Thursday, January 06, 2005

On reflection...

Tom and Mark
have been discussing the way in which their own reactions to the tsunami seemed to be out of step with those of other Christians about the place,- and, without wanting to simply agree with whoever I've spoken to last, I think I'm coming round to their point of view. I guess early on I felt the need to come up with a coherent intellectual explanation, which squared the circle of God's omnipotence and his omnibenevolence, in case anyone asked me,- and my failure to do this felt rather huge and uncomfortable...but when it comes down to it, very little of my faith is expressible in coherent intellectual terms and it's not usually an enormous problem.

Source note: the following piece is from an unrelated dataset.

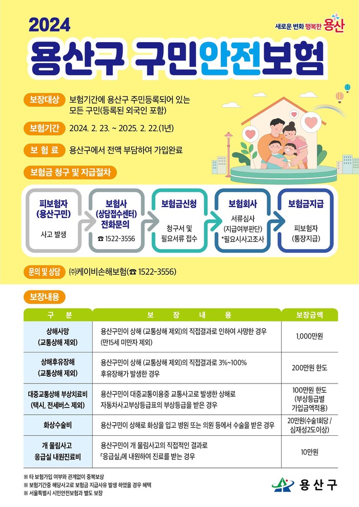 [시민일보 = 여영준 기자] 용산구(구청장 박희영)는 오는 2025년 2월22일까지 등록외국인을 포함한 모든 구민에게 구민안전보험을 지원한다고 밝혔다.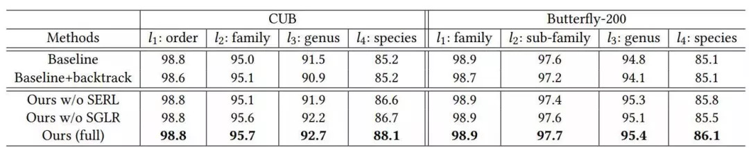 作者首先设计两个没有引入语义嵌入的基准模型 (baseline 和 baseline+backtrack),如表 1,在 Extended CUB 和 Butterfly-200 的数据集上,HSE 框架在两个数据集上的性能始终优于两组对比的基准方法。

Maggi had already pointed me in the direction of the age-old voice of lamentation, which makes it clear that though monstrous things do happen, and we are right to rage against them, God is still God, and the truths we've experienced remain true.

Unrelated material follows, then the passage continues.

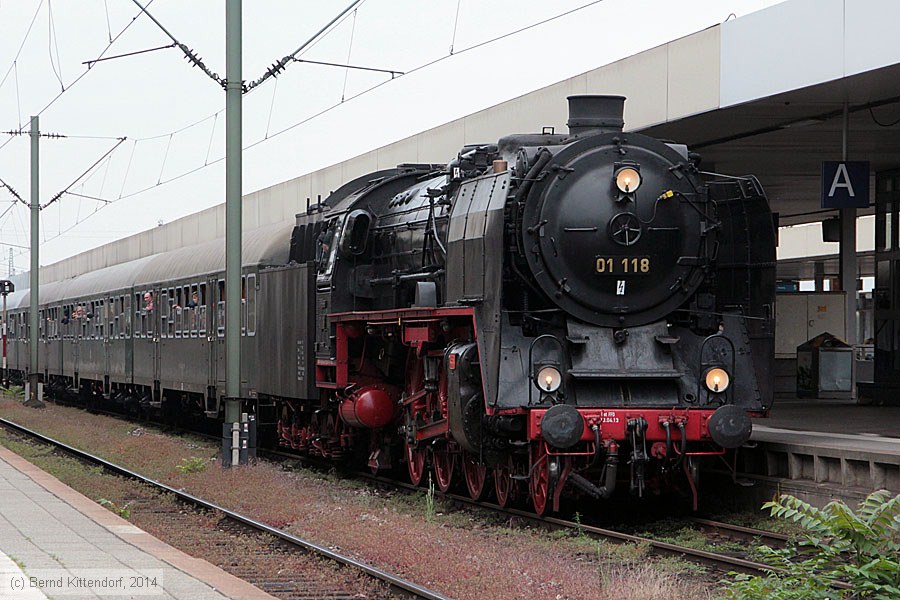 | Dampflok - 01 118 Dampflokomotive 01 118 in Mannheim Hauptbahnhof auf Gleis 2, aufgenommen am 29. Mai 2014. Die vier grünen Wagen sind bei der NESA (Neckar-Schwarzwald-Alb Eisenbahnverkehrsgesellschaft) eingestellt. Dieser Einsatz erfolgte bei der Eisenbahnnostalgieveranstaltung Dampfspektakel 2014. Photo: Bernd Kittendorf (info@bernd-kittendorf.de) Homepage: www.bernd-kittendorf.de |

I'd agree that there's plenty of evidence of God around in the aftermath of awful events, and this speaks to me of Resurrection hope, of transformation and restoration. With regard to the appalling here and how, though, co-incidentally, my training vicar gave me a copy of the Praxis book Using CW Funerals, and I found, flicking through it over lunch, some words of John Robinson's, from his final sermon "Learning from Cancer", written 22 years ago. They seemed at least as relevant and helpful to me now as they did when I first heard them in Trinity Chapel
"God is in the cancer as much as in the sunset...."
and
"Christians above all are those who should be able to bear reality and show others how to bear it."
So...the reality is that unbearably messy things happen...and we are called to hold them in tension with our belief that God is love and cares beyond all our imagingings. That feels more manageable, somehow, because it builds on a real experience. Rock bottom, I've found, is often the best place to meet him.